While the ruling is limited to the intricacies of the takeover battle, its repercussions could extend beyond the drugmakers. The issue is particularly fraught because of partners moving laterally and because of law firm consolidation as well as consolidation within industries.

“More firms are struggling with the balance between their ethical obligations to comply with conflicts rules and the practical realities of big firms that represent multiple parties in the same industry,” Nicole Hyland, a partner at Frankfurt Kurnit Klein & Selz P.C., said in an interview Wednesday. “There’s growth in these types of disqualifications and conflict situations.”

Mylan sued Kirkland claiming that work the firm had performed on several matters gave it access to confidential, strategic information that might, despite so-called ethical walls, be used against the company.

Although the report, which must still be adopted by the federal judge overseeing the case, is predicated on Pennsylvania law, ethical rules and retention agreements are sufficiently similar in other states to make the magistrate’s recommendation instructive.

Kirkland was already representing Teva when Mylan became a client. According to the magistrate’s report, Mylan was aware of Kirkland’s work for Teva, “including regulatory matters and products liability litigation with respect to certain drugs, some of which were matters in which Teva’s interests were directly adverse to Mylan.”

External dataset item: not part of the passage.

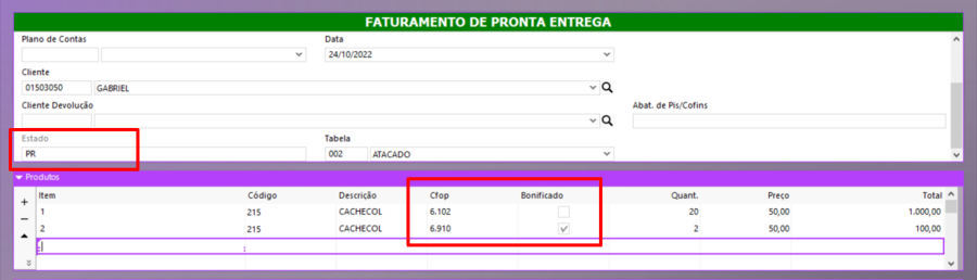 No exemplo da movimentação abaixo, temos um exemplo onde o mesmo produto está sendo vendido com substituição tributária (6.102) e sendo enviado como bonificação (6.910).

In addition, Mylan had agreed to a waiver agreement that allowed Kirkland to represent others, “including in litigation, arbitration or other dispute resolution” procedures that might be adverse.

Nonetheless, that agreement, known as an advance waiver, shouldn’t be read to permit Kirkland to represent Teva, the magistrate said.

Several years ago, Cravath, Swaine & Moore LLP, which represents Mylan in the takeover battle, although not in the conflict litigation, was embroiled in a similar suit.

Airgas Inc., in a Pennsylvania state court, claimed that Cravath was conflicted because it represented the company in financings from 2001 to 2009, when it said it could no longer continue in that role because of a conflict. That suit settled in 2011 on terms that remain confidential.

The conflicts issue in the Kirkland case will linger even though Teva has now retained Sullivan & Cromwell LLP as its adviser.

Kirkland, represented by Gibson, Dunn & Crutcher LLP, is planning on objecting to the magistrate’s report, the firm said in an emailed statement. Wilson Sonsini Goodrich & Rosati represented Mylan in the conflict litigation.

“We strongly disagree with the recommendation made by the magistrate judge, and we reject any suggestion that Kirkland & Ellis’s representation of Teva in its proposed acquisition of Mylan NV presents a conflict of interest,” Kirkland said.

Even if the judge overseeing the case ultimately rejects the magistrate’s report, the detailed analysis should offer firms “one tool in how to manage conflicts and draft waivers,” Hyland said.

“To the extent you can make a waiver specific and really identify the types of matters that you intend to include or exclude, the better the chances that a court will enforce it.”